Communication-avoiding Parallel and Sequential QR Factorizations
Hoemmen, Mark Frederick
Technical Report Identifier: EECS-2008-74
May 29, 2008
Abstract: We present parallel and sequential dense QR factorization algorithms that are optimized to avoid communication. Some of these are novel, and some extend earlier work. Communication includes both messages between processors (in the parallel case), and data movement between slow and fast memory (in either the sequential or parallel cases).

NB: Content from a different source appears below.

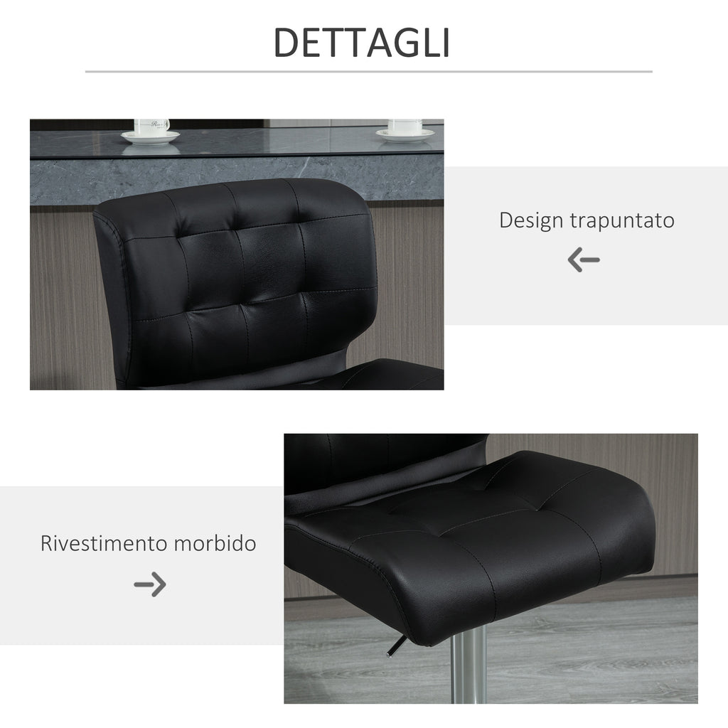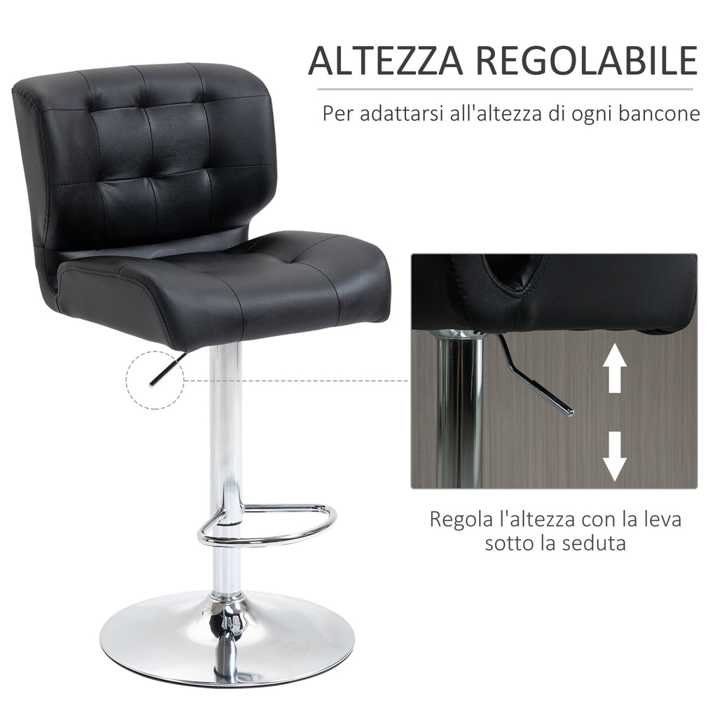 Lot de 2 tabourets rembourrés 50x55,5x93-114 cm en simili cuir noir

Our first algorithm, Tall Skinny QR (TSQR), factors mxn matrices in a one-dimensional (1-D) block cyclic row layout, storing the Q factor (if desired) implictly as a tree of blocks of Householder reflectors. TSQR is optimized for matrices with many more rows than columns (hence the name). In the parallel case, TSQR requires no more than the minimum number of messages Theta(log P) between P processors. In the sequential case, TSQR transfers 2mn + o(mn) words between slow and fast memory, which is the theoretical lower bound, and performs Theta(mn/W) block reads and writes (as a function of the fast memory size W), which is within a constant factor of the theoretical lower bound. In contrast, the conventional parallel algorithm as implemented in ScaLAPACK requires Theta(n log P) messages, a factor of n times more, and the analogous sequential algorithm transfers Theta(mn^2) words between slow and fast memory, also a factor of n times more. TSQR only uses orthogonal transforms, so it is just as stable as standard Householder QR. Both parallel and sequential performance results show that TSQR outperforms competing methods.

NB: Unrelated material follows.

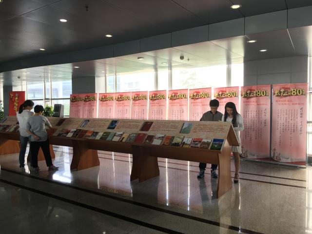 活动中,长征题材的文学作品展真实生动地再现了长征这一人类历史上的伟大壮举,展出书籍题材丰富、主题鲜明。比如《长征》按照时间跨度与地域维度为基本架构,从微观到宏观全景式回顾了长征的历程;《战典》以崭新的视野和独到的见解,揭示我军血脉永续、根基永固的根本所在;《遵义会议精神研究丛书》探讨了遵义会议精神与长征区域文化发展之间的内在关联;《大长征》生动地记述了长征这一人类历史丰碑,以细腻的笔触传承长征形成的革命传统及孕育的宝贵精神;《穿越时空看长征》带你穿越八十多年前的历史时空,领悟红军长征胜利的真谛。本次书展对推荐书目进行了内容推介,吸引了不少同学驻足翻阅,而同步进行的长征知识问答及留言感动等活动,也得到读者们的积极参与和支持。

Our second algorithm, CAQR (Communication-Avoiding QR), factors general rectangular matrices distributed in a two-dimensional block cyclic layout. It invokes TSQR for each block column factorization, which both remove a latency bottleneck in ScaLAPACK's current parallel approach, and both bandwidth and latency bottlenecks in ScaLAPACK's out-of-core QR factorization. CAQR achieves modeled speedups of 2.1x on an IBM POWER5 cluster, 3.0x on a future petascale machine, and 3.8x on the Grid.